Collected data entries
# # # # # # #
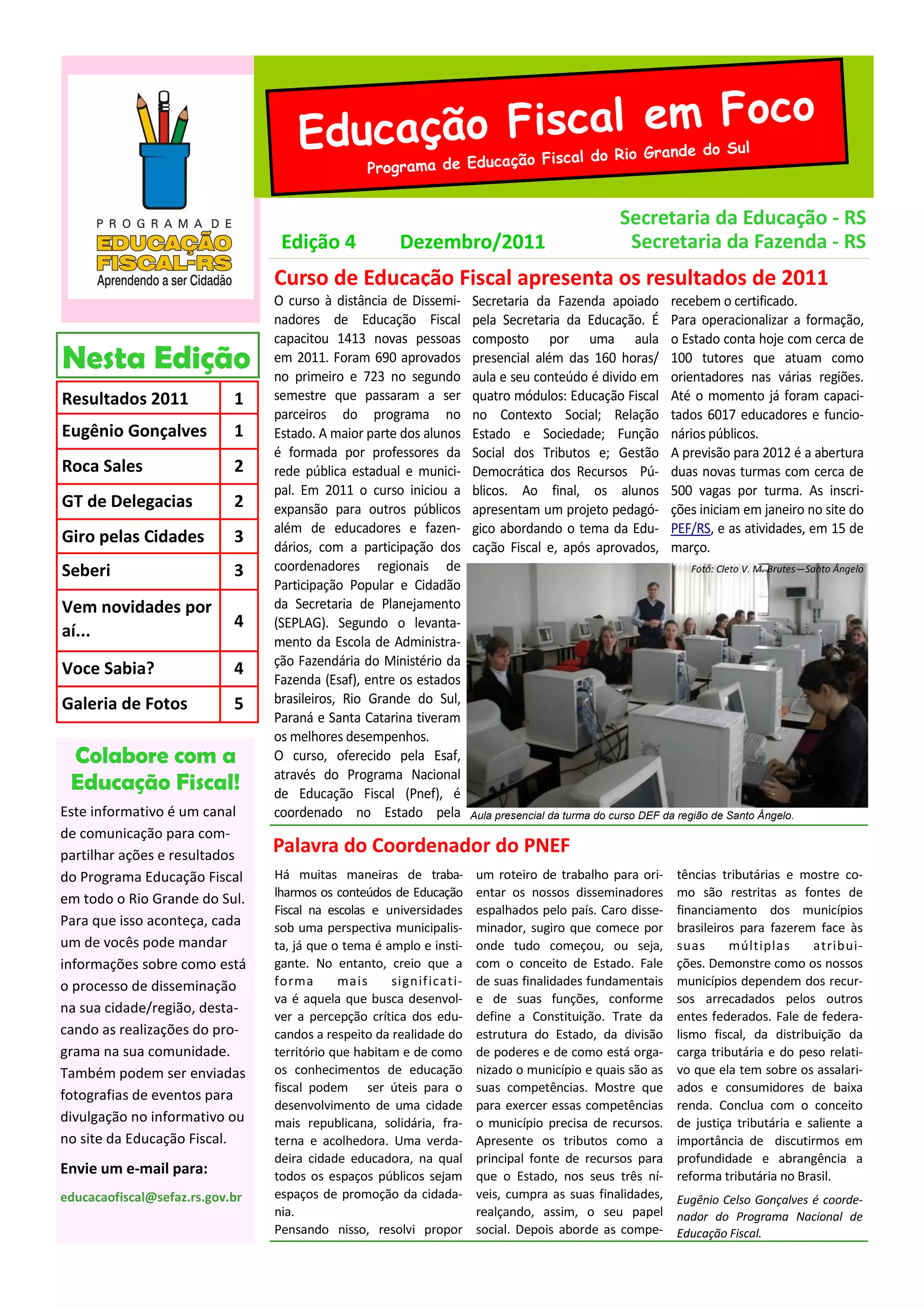 O curso de Educação Fiscal capacitou mais de 1.400 pessoas em 2011 no Rio Grande do Sul. O programa é coordenado pelas secretarias da Fazenda e Educação e capacita professores, funcionários públicos e outros grupos sobre tributos e gestão democrática de recursos públicos. A previsão para 2012 é expandir o curso para mais 500 pessoas por turma.
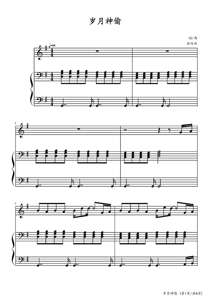 钢琴林俊杰《江南》钢琴谱-C大调版
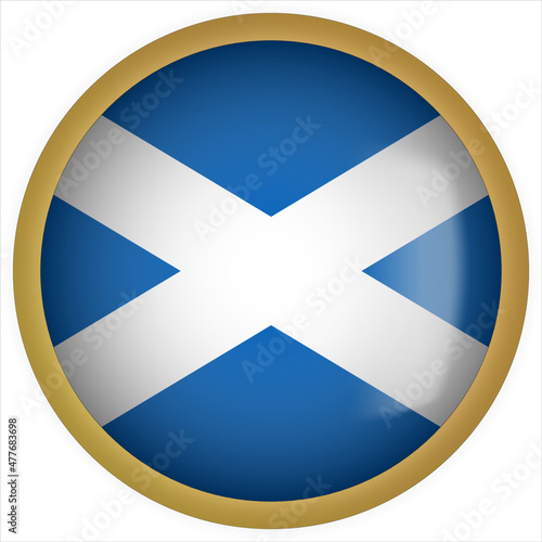 Obraz premium Scotland 3D rounded Flag Button Icon with Gold Frame
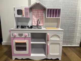 Divertida cocinita de juguete de la marca Kidkraft en color rosa. - Incluye microondas, horno y fogones. - Dispone de fregadero con grifo. - Cuenta con estanterías y puertas. - Incluye tabla de cortar de madera.
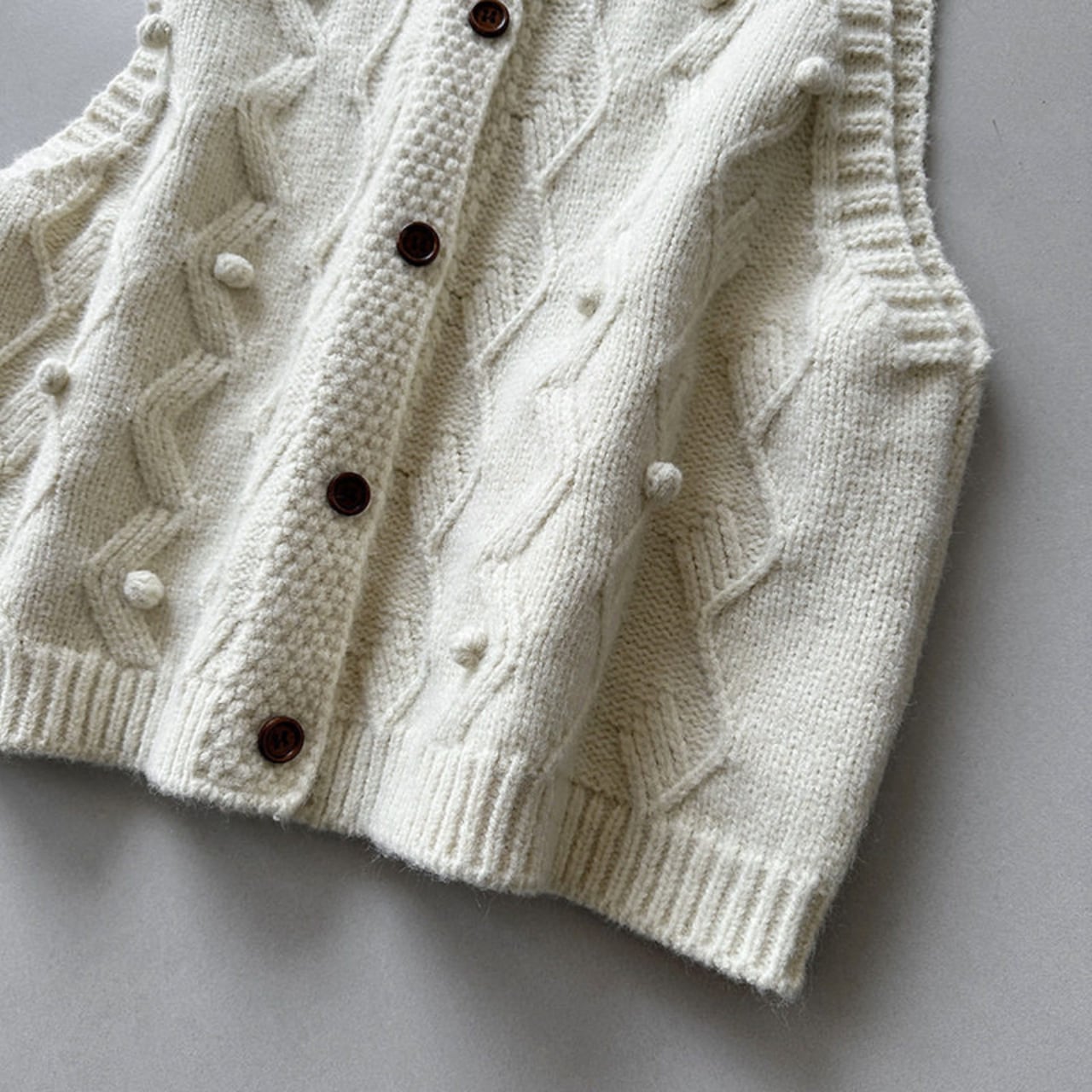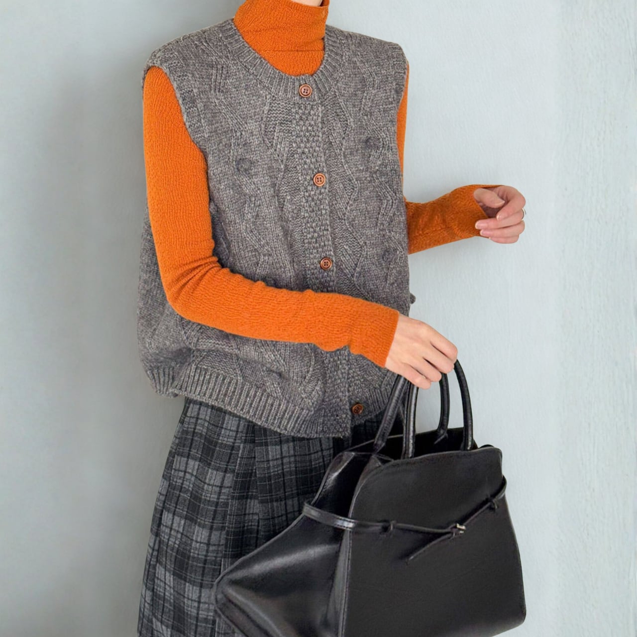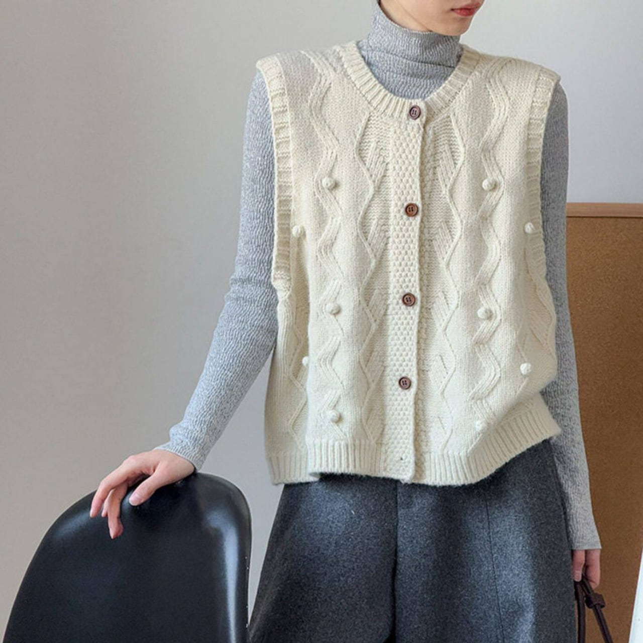 繊細な編みデザインがアクセントになったニットベストは、いつものコーディネートに新鮮さをプラスします。
# # # # # # #
> [Your goal]
Please set the records down again exactly as written. The pictures should not be included.

> [Solution]
 O curso de Educação Fiscal capacitou mais de 1.400 pessoas em 2011 no Rio Grande do Sul. O programa é coordenado pelas secretarias da Fazenda e Educação e capacita professores, funcionários públicos e outros grupos sobre tributos e gestão democrática de recursos públicos. A previsão para 2012 é expandir o curso para mais 500 pessoas por turma.
 钢琴林俊杰《江南》钢琴谱-C大调版
 Obraz premium Scotland 3D rounded Flag Button Icon with Gold Frame
 Divertida cocinita de juguete de la marca Kidkraft en color rosa. - Incluye microondas, horno y fogones. - Dispone de fregadero con grifo. - Cuenta con estanterías y puertas. - Incluye tabla de cortar de madera.
 繊細な編みデザインがアクセントになったニットベストは、いつものコーディネートに新鮮さをプラスします。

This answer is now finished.